NOTE: JOECC is a work-in progress, and currently cannot fully compile code
Jonathan's Optimizing and Extensible C Compiler (pronounced "joke"), called as such because the name, just like any attempt to use the compiler in place of an industrial strength one like gcc or clang, is a poorly written joke.
JOECC is intended to be ANSI-opinionated, mostly conforming to C99, C11, etc. however it is not intended to be completely ANSI compliant or even to necessarily implement any defined subset of ANSI functionality. It is intended to compile to x86_64 most pre-existing well defined C99 compliant code. It currently supports reasonably advanced C features such as variable length arrays, compound and designated initializers, and anonymous struct/union members. It still lacks support for certain features such as alloca, _Generic, and flexible struct members. JOECC is designed to be self-hosting, and to not require any special software or setup to run other than another C compiler, as it uses the system headers, and has been tested with both GCC and Clang's.
The other major design goal of JOECC is to be an amateur project--despite the focus on optimization--and not necessarily go by-the-book. While this most likely will make for an inferior compiler, as often things are standard for a reason, however I hope should make for a more interesting program, and perhaps can explore some novel techniques. One such technique is having the preprocessor embedded into the lexer. This allows for the tokenization step to happen lazily, while the code is compiling, and additionally will prevent the need for even tokenizing sections of code which are in false #ifdef or #if statements, as is common with cross-platform code. Other such techniques largely involve taking optimization techniques from papers and playing around with them before and during implementation.
Another design goal is to compile with optimizations very fast, and without optimizations to compile even faster, and in general to be relatively light on system resources/memory use otherwise.
A further minor design goal is transparency: for optimization debugging purposes I have implemented visual representations of the code--of the AST and of the 3 address code--which can be generated for later perusal at nearly any stage of the compilation process between parsing and assembly generation.
- Lexer
- Parser
- Preprocessor (part of lexer)
- AST generation
- AST optimization
- AST type annotation
- 3 address code generation
- Static Single Assignment conversion
- Constant Folding
- Global Value Numbering
- Better Arithmetic Reassociation
- GVN Based Partial redundancy elimination
- Sparse Conditional Constant Propagation
- Pointer Analysis
- Scalar Replacement of Aggregates
- Other Optimizations (to be enumerated further later)

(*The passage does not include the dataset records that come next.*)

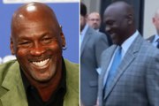 Michael Jordan laughs after fan plays Be Like Mike outside courthouse
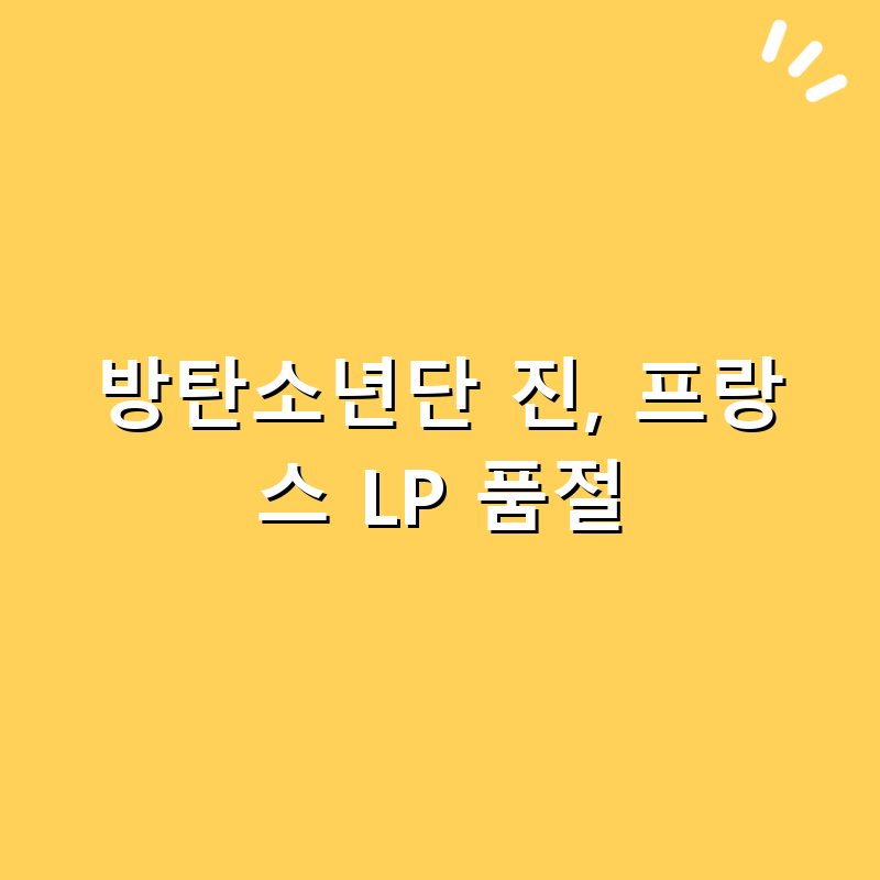 1분 요약: 방탄소년단 진의 프랑스 LP가 품절되어 많은 팬들이 아쉬움을 겪고 있습니다. 이로 인해 LP 구매에 대한 관심이 집중되고 있으며, 현재 상세 내용은 발표되지 않았습니다.
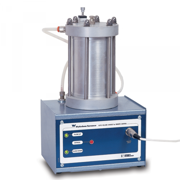 The design is based on the standard volume change device with integral solenoid valves that allow the flow direction and bypass functions to be controlled by the pressure extension unit - unsaturated. The device has a physical capacity of 100 cc but due to the automatic switching, it can measure volume change continuously. It is powered directly by the pressure extension unit - unsaturated and has LEDs on the front panel to show the flow status.

- Register Allocation (in progress)
- Assembly generation
- Assembler backend
- Linker backend
By default, JOECC attempts to use the system's gcc headers which it looks for at /usr/lib/gcc/x86_64-pc-linux-gnu/(GCC VERSION). You can change this in compmain.c in case you want to make it use a different directory. If you specify that JOECC should use clang headers (by running make useclang or by defining the USECLANG preprocessor macros, it looks for headers at /usr/lib/clang/(CLANG VERSION). This can be changed in the same location. Additionally, the c runtime library locations should be specified as well. It is currently looked for at /usr/lib/, which can be respecified by changing the define at the top of compmain.c, or by defining LIBDIR at compile time with a -D. Unfortunately, as I use the system c runtime .so files, libgcc must be linked as well. This is probably unnecessary and undesirable for people who'd rather use clang, and your luck may vary on your system.

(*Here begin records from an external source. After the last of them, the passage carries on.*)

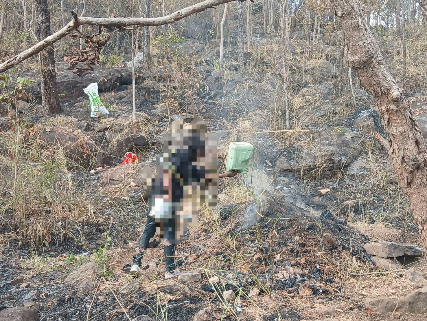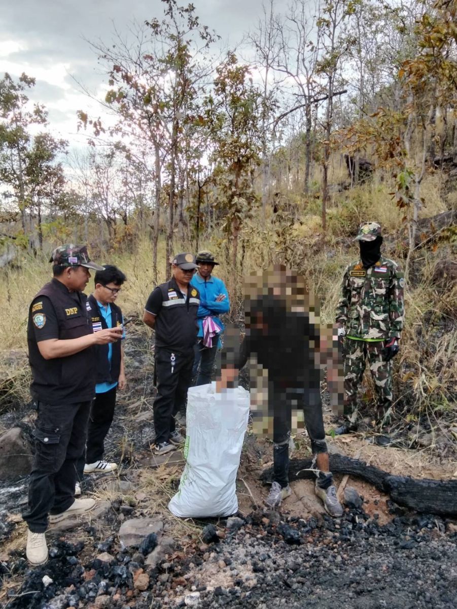 ต่อมาเวลาประมาณ 15.30 น. ขณะเจ้าหน้าที่กำลังระดมฉีดน้ำดับไฟตามแนวรุกไหม้ ได้พบชาย อายุ 40 ปี ภูมิลำเนาชาวอำเภอวังสามหมอ กำลังพยายามดับไฟอยู่ในที่เกิดเหตุ เจ้าหน้าที่จึงได้แสดงตนและเข้าควบคุมตัวเพื่อตรวจสอบ
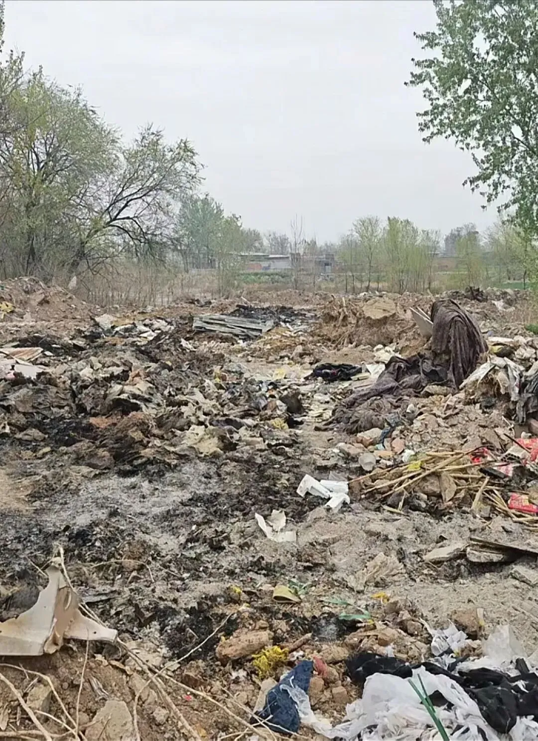 近日,据群众反映,辛集市小辛庄乡小章村南约100米处,存在大规模倾倒、掩埋、焚烧垃圾及固体废物的行为。焚烧产生的有毒物质直接飘散至空气中,掩埋的垃圾对周边耕地和地下水造成污染风险。
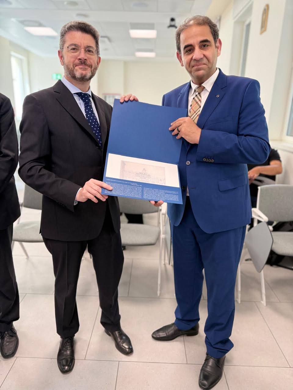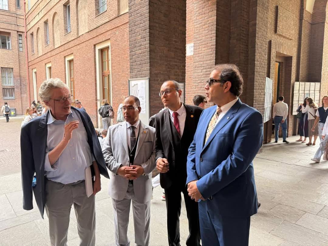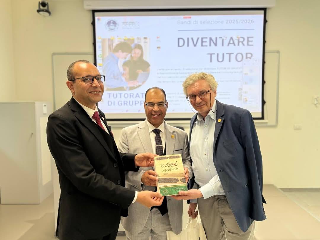 وكان فى استقبال سيادته ا.د. اندريه كانوفا عميد كلية الآداب بالجامعة الكاثوليكية بميلانو إيطاليا، ا.د. ماركو ريتسى رئيس قسم الدراسات الدينية بالجامعة الكاثوليكية بميلانو، أ.د. باولو برنكا أستاذ كرسى الدراسات العربية والإسلامية بالجامعة الكاثوليكية بميلانو
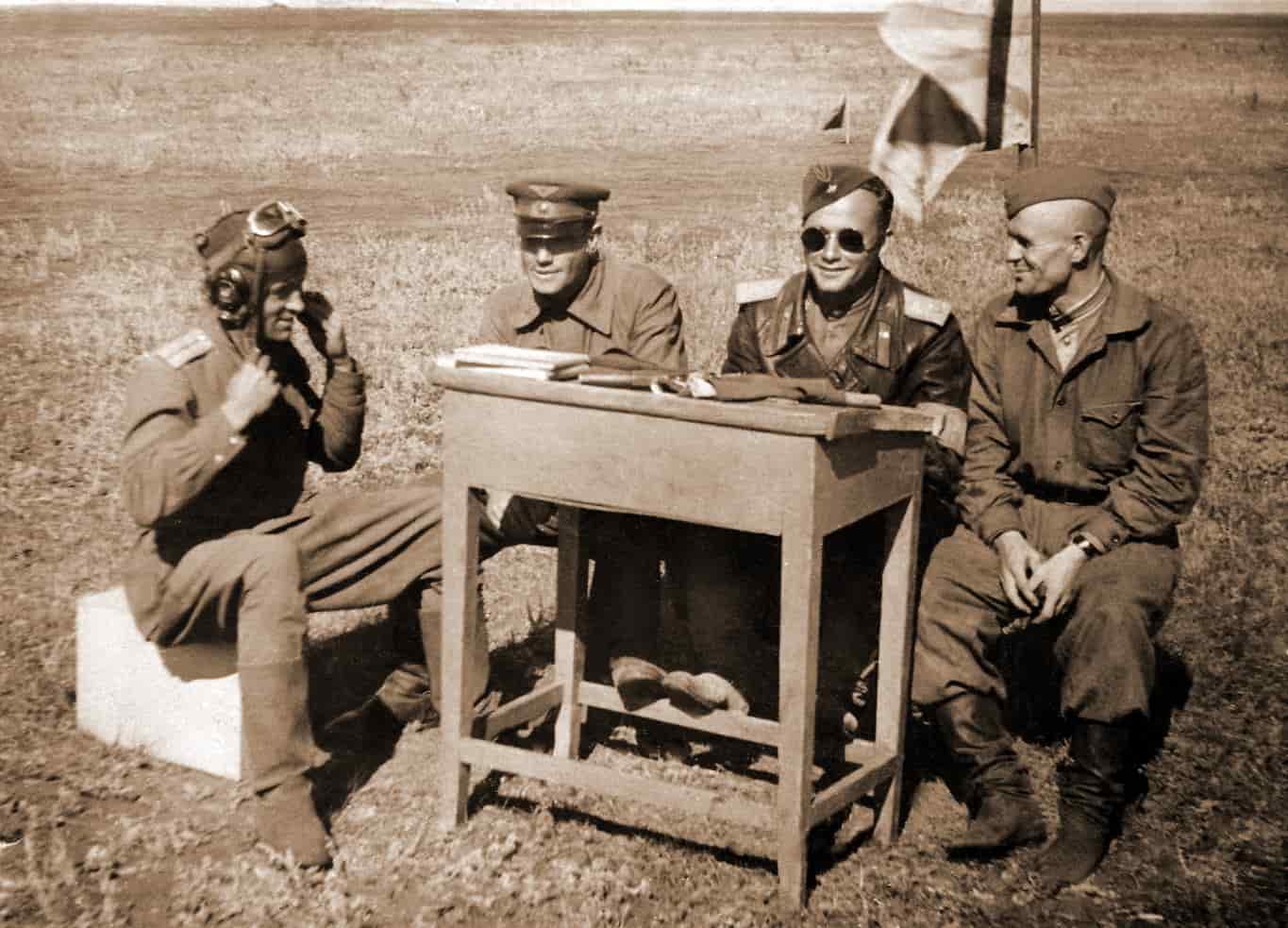 Лагерь Танцирей, 1946 год. Слева направо: командир звена Куда, заместитель командира аэ Титов, командир аэ Лапшин Н.Г., командир звена Луценко К.М.

JOECCIR (pronounced joker) is JOECC's 3 address code intermediate representation.
JOECCIR comes in the form of a control flow graph (CFG). This CFG is made up of many basic blocks which are regions in which no branching occurs. Control flow in the function starts at a single block, and ends at a different single block, provided the program doesn't infinitely loop. Each basic block may contain a linked list of JOECCIR operations, or no operations.

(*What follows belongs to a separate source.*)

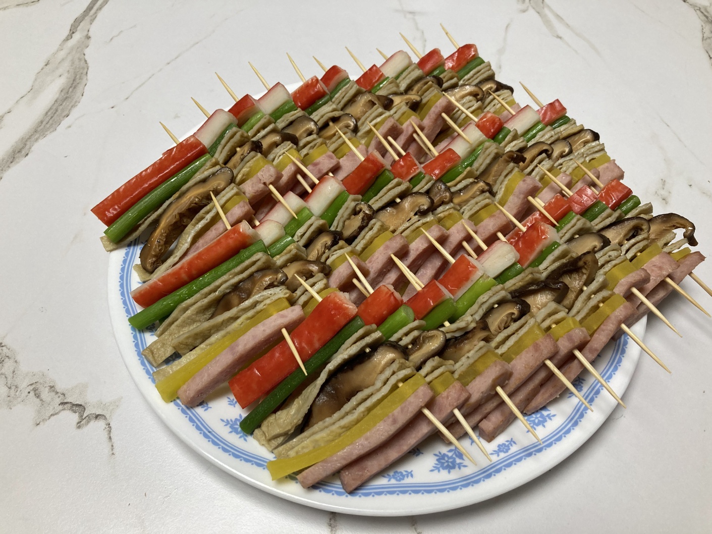 고기,맛살,야채 등을 꼬치에 꽂아
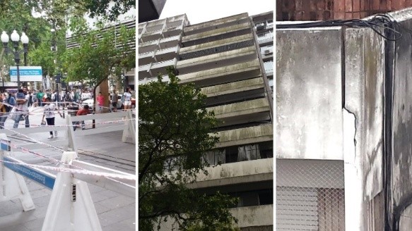 La noticia corrió en horas de la siesta, cuando todos los que pasaban por el cruce con calle Paraguay observaban hacia arriba para divisar una clara grieta en el último piso (14º) de la torre ubicada en Córdoba 1490.

When running JOECC in debug mode, it will create in the working directory a folder called functions, and put in it the JOECCIR CFG output by each compilation pass. Currently the passes which give debug information are _justssa and _withgvn. For each function in the code compiled, provided that it compiled successfully, there will be dot files which can render the CFG after each pass. For example, if I compiled a file containing the function "main" there will be 2 files: functions/main_justssa.dot and functions/main_withgvn.dot. In order to view the graph for such a file install the graphviz package, and simply run dot -Tx11 functions/main_justssa.dot
. It can also be converted to an svg with -Tsvg
or into a gif (pronounced gif) with -Tgif
.
In this representation, it should be pretty evident as to what basic blocks are, if they have operations. If not, they will just appear as a long hex number with no box around it. Different kinds of operands are colored, as are the edges between basic blocks. The blocks that are visited next if the branching condition is not met (which I call next blocks) have a blue edge to them, and the blocks that are visited if the branching condition is met (which I call branchblocks) have a red edge to them. JOECCIR is specifically designed so that basic blocks may have a maximum of 2 out edges.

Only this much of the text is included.